Dream Lucky covers politics, race, religion, arts, and sports, but the central focus is the period's soundtrack—specifically big band jazz—and the big-hearted piano player William "Count" Basie. His ascent is the narrative thread of the book—how he made it and what made his music different from the rest. But many other stories weave in and out: Amelia Earhart pursues her dream of flying "around the world at its waistline." Adam Clayton Powell, Jr., stages a boycott on 125th Street. And Mae West shocks radio listeners as a naked Eve tempting the snake.
Critic Nat Hentoff praises the "precise originality" with which Roxane Orgill writes about music. In Dream Lucky, she magically lets readers hear the past.

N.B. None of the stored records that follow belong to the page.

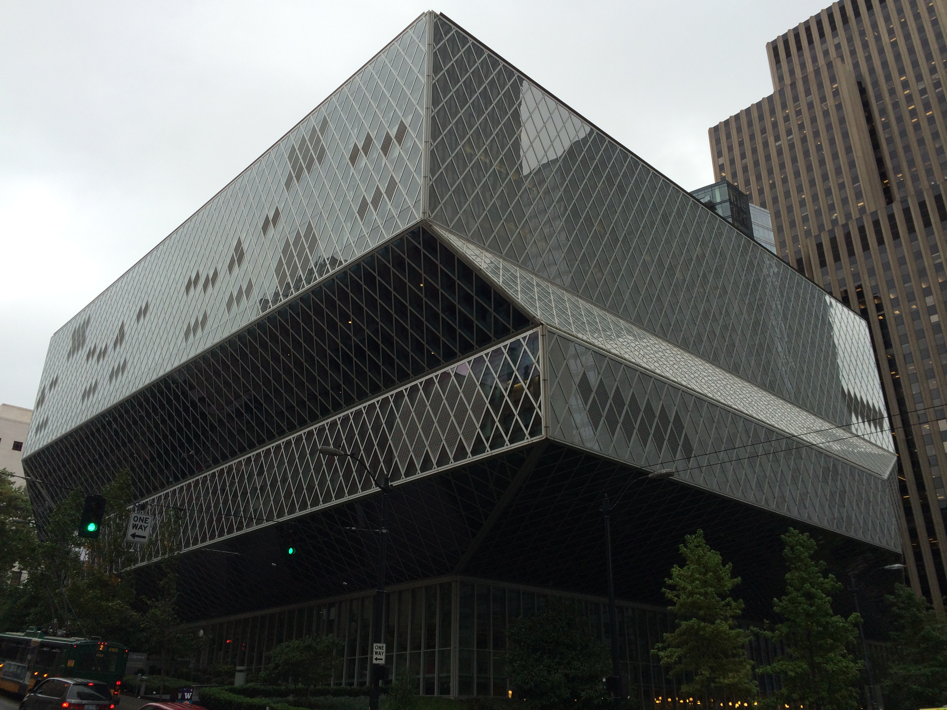 Part of the issue, of course, is the planning of the district itself. One thing that did make it through from the Rogers masterplan was the idea of superblocks—all of the streets are arterials, leaving very large parcels in between. Too large, really, to reasonably negotiate between some kind of street life and the scale of even the largest office floor plate. So what’s left is a sort of urban planning horror vacui, what looks like a need to fill space in some kind of meaningful way. This is the grownup equivalent, I think, of the studio site plan that comes together the night before the review, when all sorts of crazy planting patterns emerge from nothing more than a graphic logic. The superblocks in Rogers’ scheme, of course, were designed to be shot through with public circulation—pedestrian circulation. With the towers and retail malls (a combination that continues on virtually every block—how many Prada stores does one neighborhood really need?) there’s no meandering, and the pedestrian routes are slowly getting raised up onto skywalks to avoid the city’s notorious traffic—red lights here are generally read more as suggestions than anything else.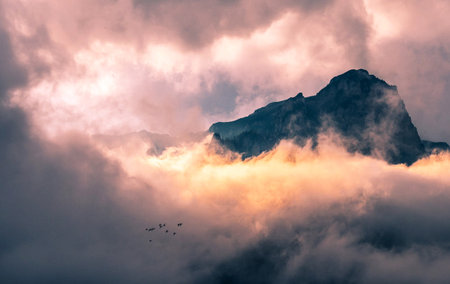 Sunset in the mountains with clouds and birds on the sky.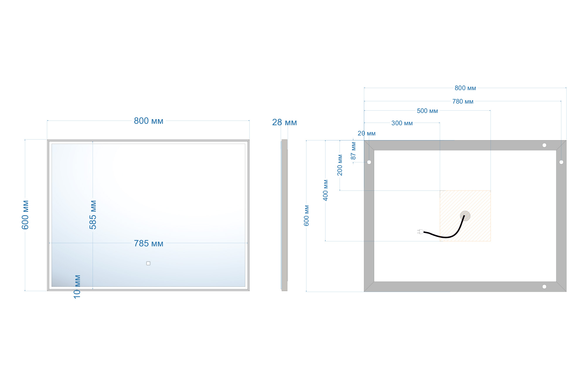 Зеркало Abber See 60x80 с подсветкой, сенсорный выключатель, диммер (AG6108SL-0.8)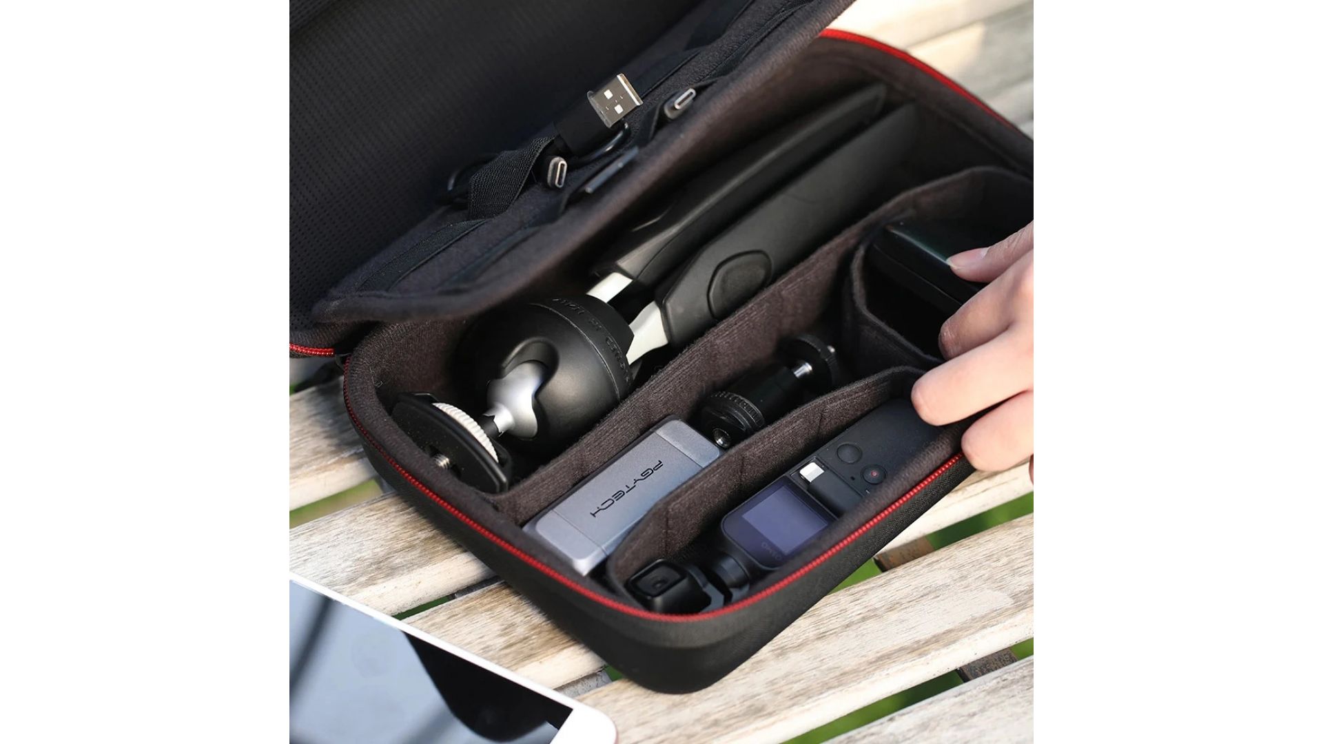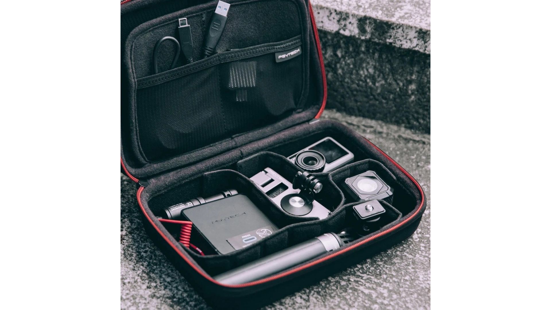 Этот удобный и стильный органайзер надежно защитит экшн-камеры, стабилизаторы, гаджеты и аксессуары (карты памяти, кабели, крепления и мини-штативы). В комплекте – 6 складных перегородок, позволяющих гибко организовать пространство под ваши нужды и предотвратить повреждения при транспортировке.
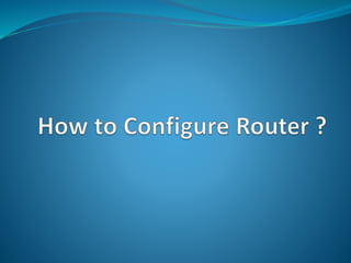 A computer network connects computers together to share resources like internet access. A router receives and directs packets between networks and may convert between network types. The document then discusses configuring a MikroTik 951g-2hnd router by connecting it to a laptop, using Winbox software to add a WAN IP and default route, enable wireless and add a password, create a DHCP server, and configure NAT, NTP, and ports. Finally, the computer's IP is changed to automatic and ping tests are done to the Google DNS to confirm the basic router configuration.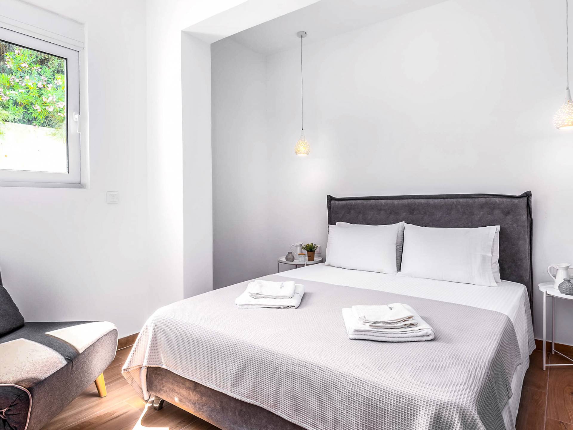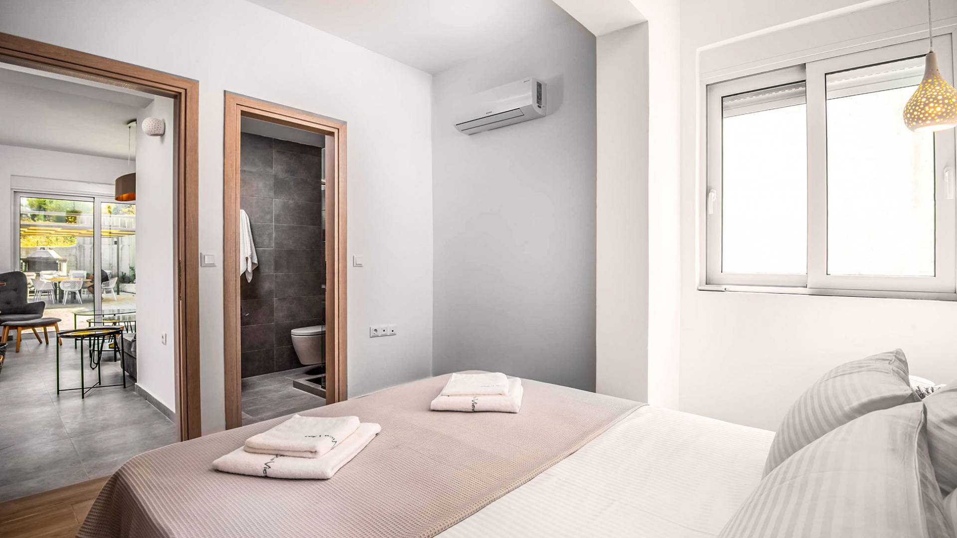 The property is 180 qm2 with 4 bedrooms with double beds, 4 bathrooms and 1 wc, a separate spacious fully equipped kitchen, and an open plan living room and dining area. Each of the rooms throughout the villa leads to its’ own balcony with a garden view, pool view, and an amazing sea view . The garden is fenced all the way around the property and has a private entrance to the parking space. The entire villa is fully air-conditioned.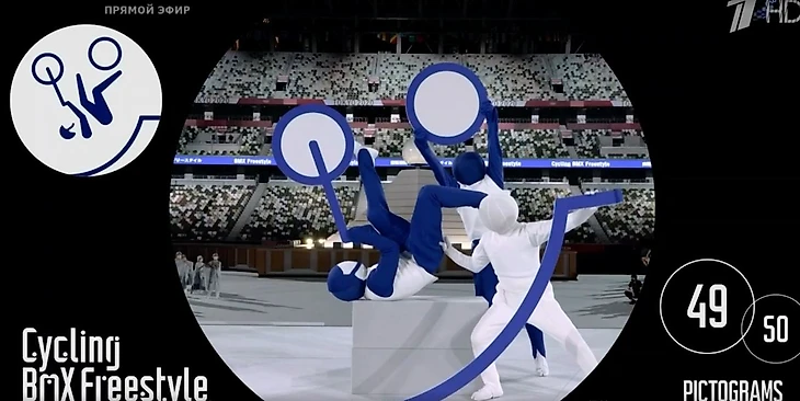 17:30. Представление пиктограмм 50 видов – феерия! Их все создали вживую несколько актеров. Подобные рисунки впервые появились как раз в Токио-1964 и с тех пор прижились.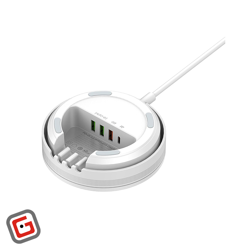 هاب 4 پورت و شارژر وایرلس الدینیو مدل AW004 توان 32 وات

"Orgill unleashes verve and rhythmic riffs to capture the mood of the pre-WWII years, when 'the radio was always on.' An ASCAP — Deems Taylor Award winner, Orgill, who has written about music for young readers (Mahalia), recalls radio programs. big band music, comedians, art, sports, the struggle for racial equality and a nod to the Depression and Europe's gathering storm. To recreate radio, she listened to recordings rather than using transcripts because she 'needed to hear the voices and the music' herself. The format is chronological, covering 48 eventful days framed by Joe Louis's loss to Max Schmeling on June 19, 1936, and the June 22, 1938, rematch, which Louis won. In between, we hear Rudy Vallee introducing Edgar Bergen to radio listeners and Count Basie at Roseland, and Amelia Earhart soaring. Langston Hughes opens his theater, Orson Welles is The Shadow and FDR watches Disney cartoons. Orgill concludes this rhapsodic time-travel tour guide with a 'Suggested Listening' list, cueing readers to play Basie as a background for her lilting language." Publishers Weekly (Copyright Reed Business Information, Inc.)
Book News Annotation:
Orgill, an independent author and former music critic, focuses on the popularity of big band jazz from 1936 to 1938, and how this musical genre affected politics, race, religion, sports and the arts during that period. Using the career of Count Basie as a touchstone, the author uses a brisk narrative technique to give this history book the same sheen as a novel. Enjoyable and upbeat, this should appeal to general audiences, especially those fond of such historical figures as Basie, Amelia Earhart, Joe Louis and FDR. Annotation ©2008 Book News, Inc., Portland, OR (booknews.com)
About the Author
Roxane Orgill is the author of a number of notable books for children and young adults, including the recent Footwork: The Story of Fred and Adele Astaire. She has also been an award-winning music critic whose reviews and articles have appeared in the Wall Street Journal, the New York Times, and Billboard. She lives in Hoboken, New Jersey.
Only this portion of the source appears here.